10.2. Nothing in these Terms of Sale is intended to exclude or limit your statutory rights. Furthermore, nothing in these Terms of Sale is intended to limit or exclude our liability for death or personal injury caused by our negligence (including that of our employees); or for fraud or fraudulent misrepresentation.
10.3. If we are found to be liable, the amount of compensation shall be limited to the total amount paid by you for the Products purchased.
11. PROTECTION OF PERSONAL DATA
12. INTELLECTUAL PROPERTY
12.1. The contents of the Website are our property. This includes texts, graphics, photographs, images, moving images, sounds, illustrations and software. The content is protected by copyright or other rights. It is forbidden to take over, publish, reproduce or use in any other way the content without our written consent.
13.1. We will not be responsible for compliance with our obligations under these Terms of Sale in the event of a force majeure event. Force majeure means the situation in which the performance of our obligations is wholly or partly, temporarily or otherwise, prevented by circumstances beyond our control. The following, in particular, are regarded as force majeure: official animal diseases, government measures, war, revolt, strike, lock-out, fire, machine failure, insufficient supply, interruption of transport or any other circumstances beyond our control that make normal delivery impossible.
13.2. In the event of force majeure, these obligations shall be suspended and we shall make all reasonable efforts to limit the consequences of the force majeure situation. In the event that the force majeure lasts for more than [two (2)] months, each Party shall be entitled to rescind the Contract by giving written notice to the other Party, without the Parties owing each other any compensation (except for the reimbursement of the product paid by you and not delivered).
14.1. If any provision of these Terms of Sale (or part thereof) is held to be void, invalid or unenforceable, such voidness, invalidity or unenforceability shall not in any way affect the validity or enforceability of the remaining provisions of these Terms of Sale. In the event of nullity, invalidity or unenforceability, the Parties shall, to the extent possible, negotiate to replace the null, invalid or unenforceable provision (or part thereof) with an equivalent provision that complies with the spirit of these Terms of Sale.

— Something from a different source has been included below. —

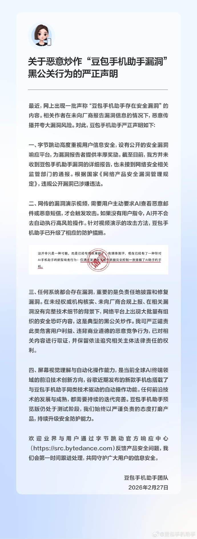 豆包手機(jī)助手回應(yīng)漏洞爭(zhēng)議:未收?qǐng)?bào)告已升級(jí)防護(hù),譴責(zé)黑公關(guān)炒作
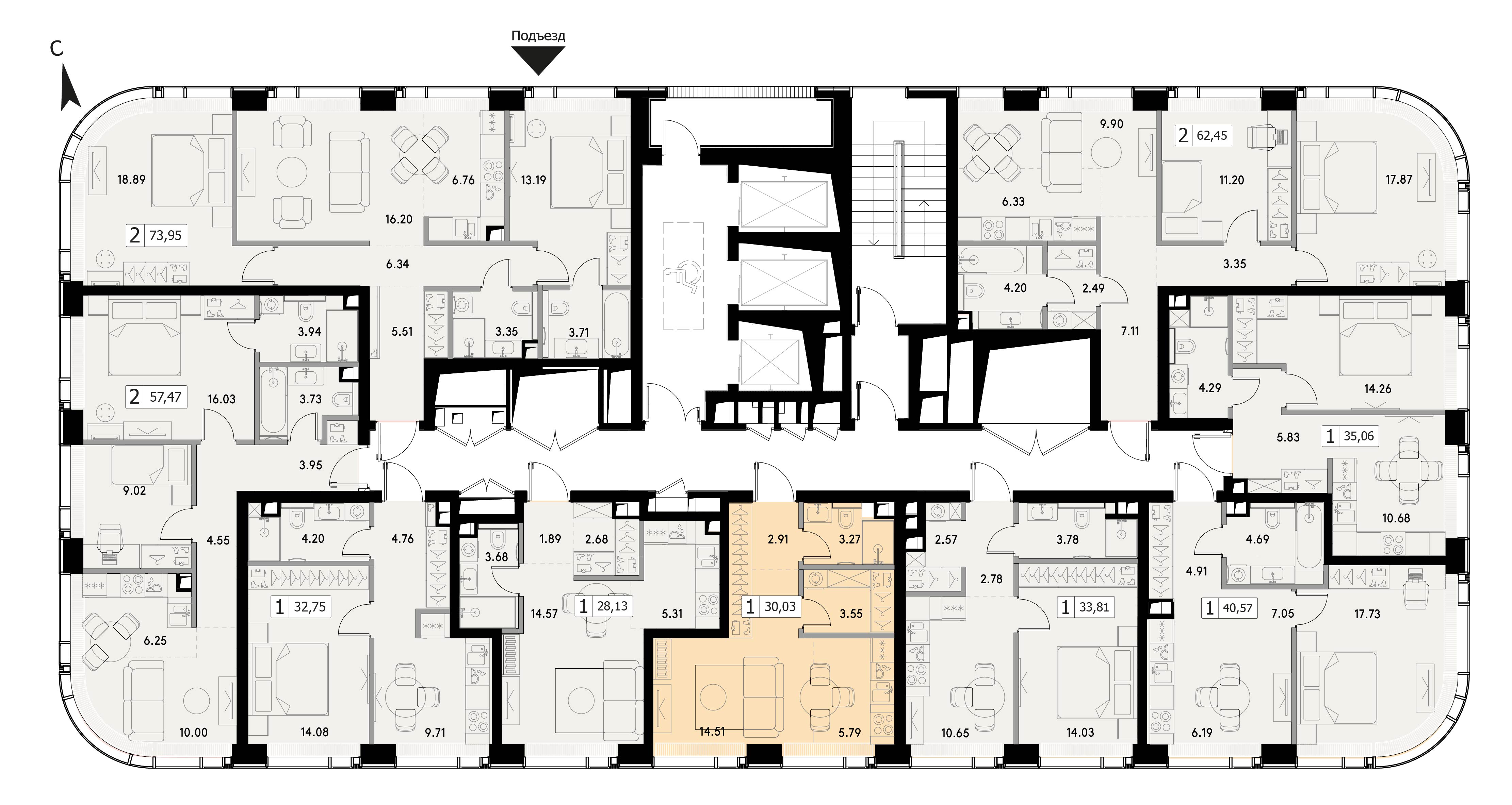 Однокомнатная квартира 30.03 м², 3 этаж, ЖК «ВЕЕР» (VEER)

14.2. Our failure to demand the strict application of any of the provisions of these Terms of Sale may not be construed as a tacit waiver of our rights, nor shall it prevent us from demanding the strict application of these provisions at a later date.
14.3. These Terms of Sale, including any references contained in the Terms of Sale, fully reflect the rights and obligations of the Parties and supersede all previous agreements and proposals, whether oral or written, including any terms and conditions of the Parties.
14.4. The Terms of Sale shall always and exclusively apply to all present and future Agreements between you and us, except in the case of an express deviation. An express deviation shall only be valid to the extent that it is the result of a mutual agreement between you and us expressly recorded in writing. Express deviations are valid only to replace or supplement the clauses to which they relate. The other provisions of these Terms of Sale shall continue to apply in full.
15. APPLICABLE LAW/COMPETENT COURT
15.1. To the extent permitted by law, all agreements to which these Terms of Sale apply shall be governed by Belgian law, to the exclusion of the Vienna Convention on Contracts for the International Sale of Goods.
15.2. Any dispute concerning the interpretation or application of these Terms of Sale shall be subject to the exclusive jurisdiction of the courts where our registered office is situated, unless another court is imperatively prescribed by law.